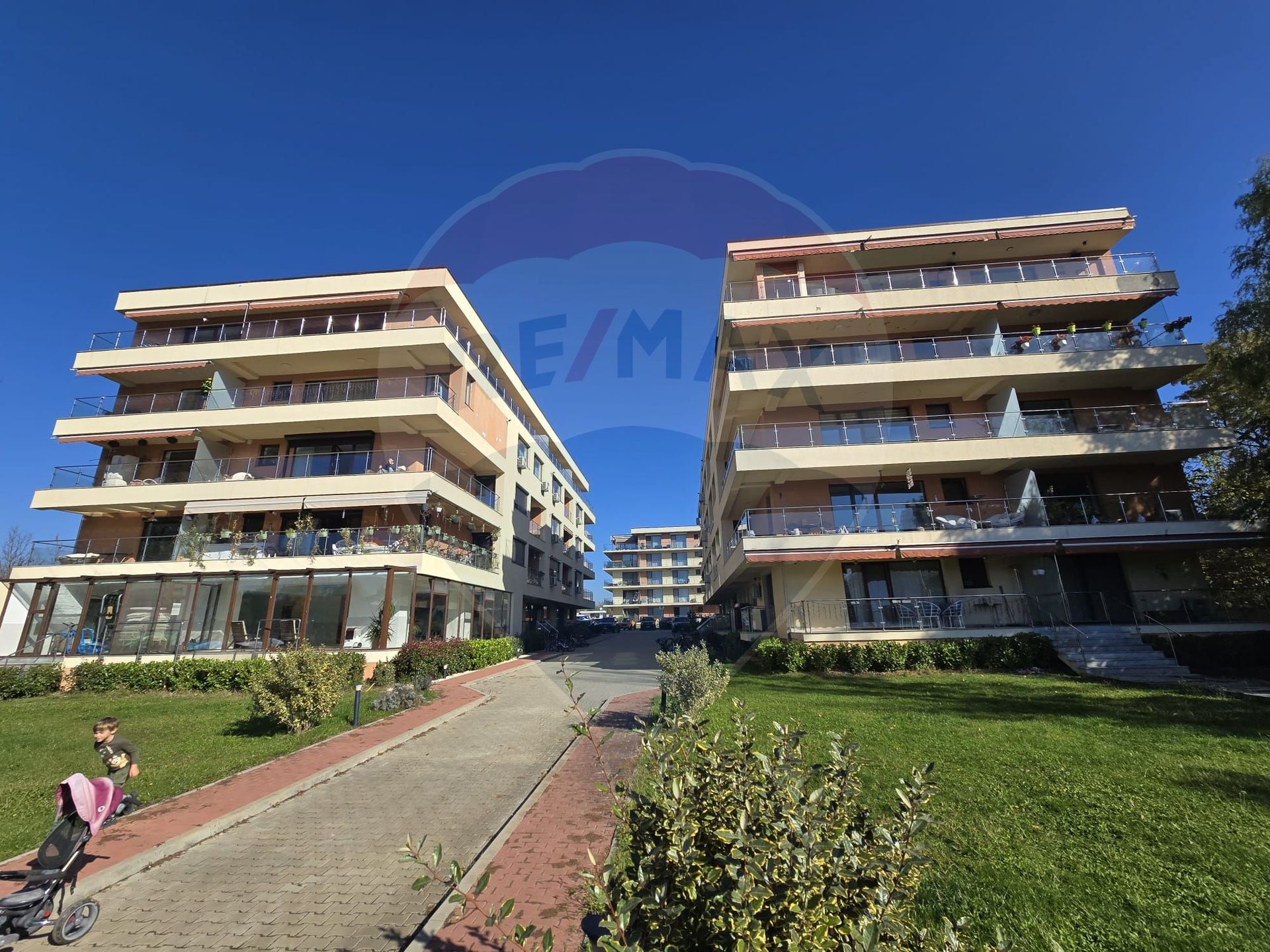 - Terase generoase pe ambele părți ale apartamentului, totalizând 20 mp, oferind vedere către zona interioară a complexului, dar și lateral spre lac
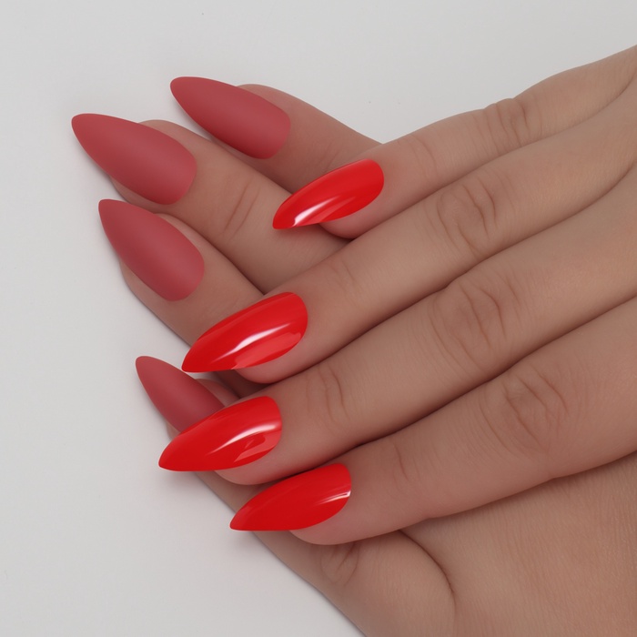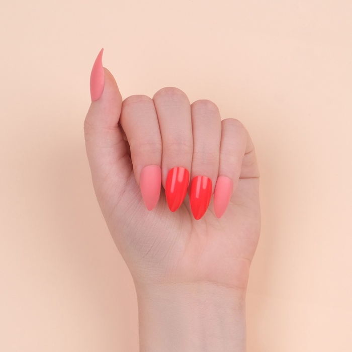 Накладные ногти, 24 шт., с клеевыми пластинами, форма миндаль, цвет неоновые/матовые, розовые — Характеристики
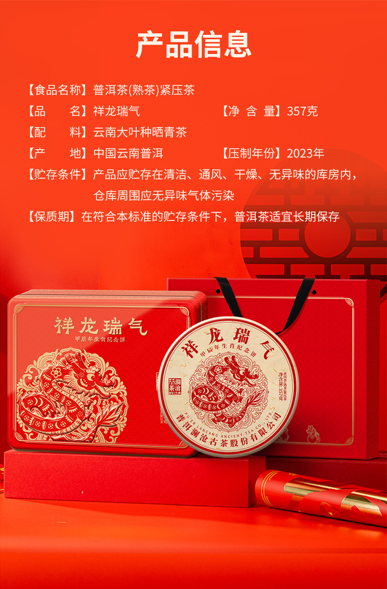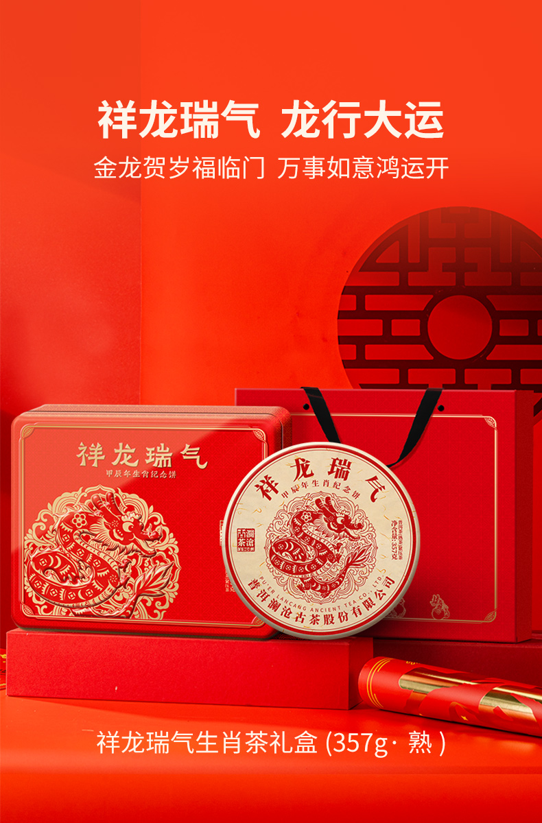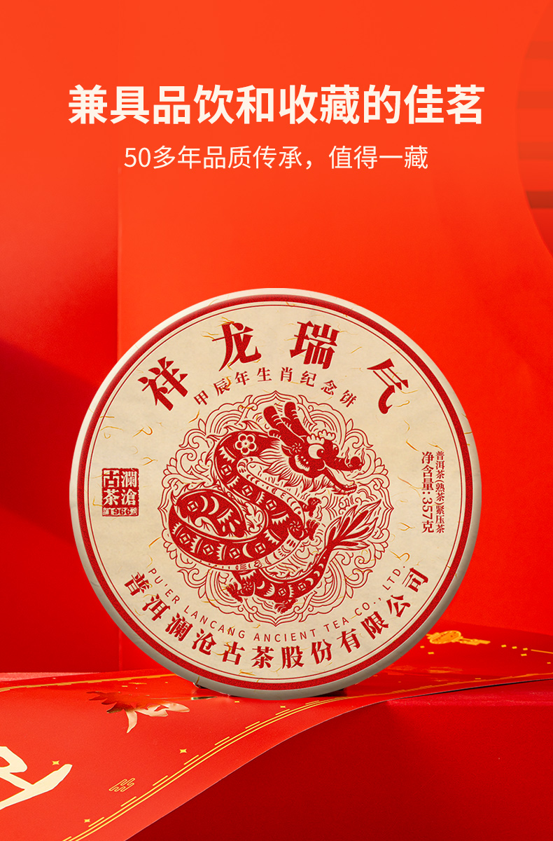 [生肖饼]澜沧古茶2024年祥龙瑞气普洱熟茶357g

════════════════════

• [Try it]
Output the listing above exactly, pictures omitted.

• [Solved problem]
 - Terase generoase pe ambele părți ale apartamentului, totalizând 20 mp, oferind vedere către zona interioară a complexului, dar și lateral spre lac
 Накладные ногти, 24 шт., с клеевыми пластинами, форма миндаль, цвет неоновые/матовые, розовые — Характеристики
 [生肖饼]澜沧古茶2024年祥龙瑞气普洱熟茶357g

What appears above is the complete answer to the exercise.